Ottawa SuperEX (officially the Central Canada Exhibition) was an eleven-day annual exhibition that took place every August at Lansdowne Park in Ottawa, Ontario. The exhibition provided exhibits, entertainment and amusements indoors in the buildings on site and outdoors on the grounds. The Central Canada Exhibition Association operated a fair annually from 1888 until 2010, except during World War II. The fair was on hiatus due to plans to redevelop Lansdowne Park and the Association continued to work towards finding opportunities to bring back SuperEX. It was announced in December 2015 that the Ottawa SuperEX board had disbanded a year earlier and the Ex would not be returning.

==History==
Single exhibitions were held on the site in 1875, 1879, 1883 and 1888. The last of these exhibitions was opened on September 20, 1888 by Charles Magee, President of the Exhibition Association, with Prime Minister Sir John A. Macdonald and Governor General Lord Stanley in attendance.

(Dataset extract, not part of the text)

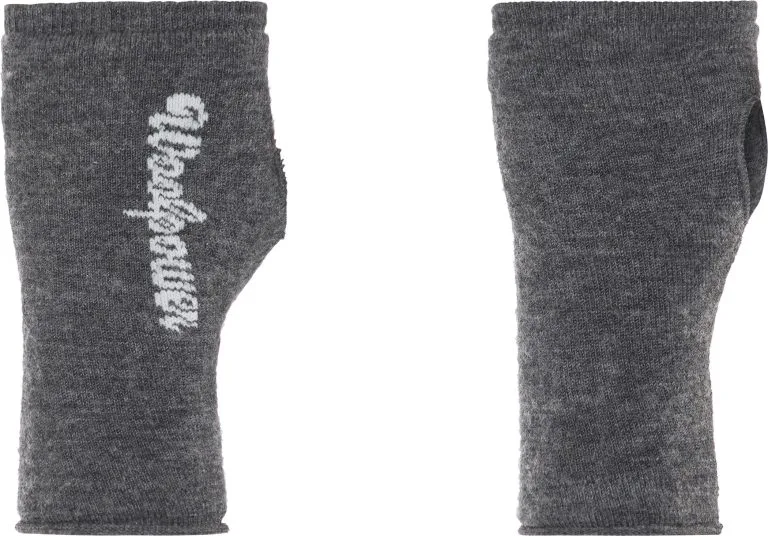 Wrist gaiter with thumb hole is made from circular knit fabric with terry loops on the inside. It has the Woolpower logo knitted in and is 18 cm long.

A decision was made to formalize an ongoing annual fair, resulting in the 1888 special event becoming the first of the annual fairs. The 1888 Exhibition Association evolved into a permanent organization, and a lease of the site was agreed to with the City of Ottawa.

Only a few buildings existed at the site at the time, including the first Grandstand, overlooking a dirt track and horse display area. This dirt track and horse display area has evolved into today's Frank Clair Stadium. The primary focus was on agricultural displays, but exhibits included manufacturer's exhibits from the beginning. Livestock was brought to the site and kept in sheds for the duration of the fair. Farm crafts and baking were judged.

The Exhibition operated annually, with the exception of several years during World War II, when the grounds were used by the Canadian military. In 1898, the Aberdeen Pavilion opened for displays. In 1903, the Coliseum opened for displays. In 1909 a new steel and concrete Grandstand was built at a cost of $100,000 to provide seating for nearly 10,000 people. The south side stands were built in 1960. Today's Civic Centre and Grandstand opened in 1967.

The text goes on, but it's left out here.